Abstract
Introduction
Bisphosphonates (BP) are the first-line therapy for preventing osteoporotic fragility fractures. However, concern regarding their efficacy is growing because bisphosphonate use is associated with over-suppression of remodeling. Animal studies have reported that BP therapy is associated with accumulation of micro-cracks (Fig. 1) and a reduction in bone mechanical properties, but the effect on humans has not been investigated. Therefore, our aim was to quantify the mechanical strength of bone treated with BP, and correlate this with the microarchitecture and density of micro-damage in comparison with untreated osteoporotic hip-fractured and non-fractured elderly controls.
Methods
Trabecular bone cores from patients treated with BP were compared with patients who had not received any treatment for bone osteoporotic disease. Non-fractured cadaveric femora from individuals with no history of bone metabolic disease were also used as controls. Cores were imaged in high resolution (∼1.3µm) using Synchrotron X-ray tomography (Diamond Light Source Ltd.) The scans were used for structural and material analysis, then the cores were mechanically tested in compression. A novel classification system was devised to characterise features of micro-damage in the Synchrotron images: micro-cracks, diffuse damage and perforations. Synchrotron micro-CT stacks were visualised and analysed using ImageJ, Avizo and VGStudio MAX.
Results
Our findings demonstrated that patients treated with BP (17.2 MPa) had significantly lower tissue strength than untreated fracture (24.0 MPa) and non-fracture controls (28.0 MPa). Yet treated and untreated hip-fracture patient's exhibited comparable bone microarchitecture, volume fraction, apparent and material density. The data also revealed that the BP group had the highest micro-damage density across all groups. The BP group (7.7/mm3) also exhibited significantly greater micro-crack density than the fracture (4.3/mm3) and non-fracture (4.1/mm3) controls.
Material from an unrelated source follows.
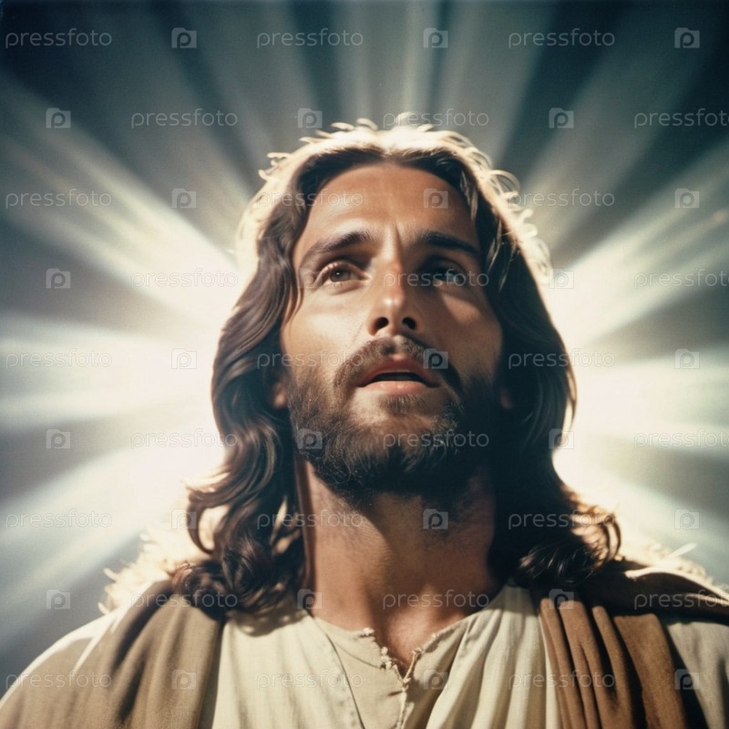 Портрет мужчины, одетого в Иисуса. Белое пальто. Длинные коричневые волосы и борода. Мужчине, по-видимому, около 30 лет и серьезное выражение лица. Христианская религия и вера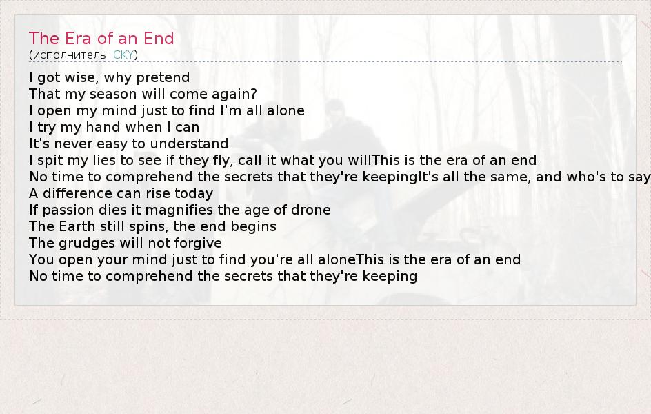 А как ты думаешь, о чем песня "The Era of an End" ?

Furthermore, the BP group (1.9/mm3) demonstrated increased diffuse damage when compared to the fracture (0.3/mm3) and non-fracture (0.8/mm3) controls. In contrast, the BP group (1.9. mm3) had fewer perforations than fracture (3.0/mm3) and non-fracture controls (3.9/mm3).
Discussion
Despite having comparable microarchitecture apparent and material density, patients taking BP exhibited weaker tissue strength compared to the controls. This weakness is likely to be the the result of the increased accumulation of micro-damage found in BP treated bone. BP inhibits bone remodelling, thereby reducing the number of perforated trabeculae, meanwhile over-suppression leads to the accumulation of micro-cracks and diffuse damage which reduce strength.
Conclusion
In our subgroup of hip-fracture patients, BP therapy appeared to offer no mechanical advantage in resisting femoral fractures. BP accumulated micro-damage may have weakened the trabecular bone in the femoral head and neck thereby, therefore increasing the risk of a fracture during a trip or fall.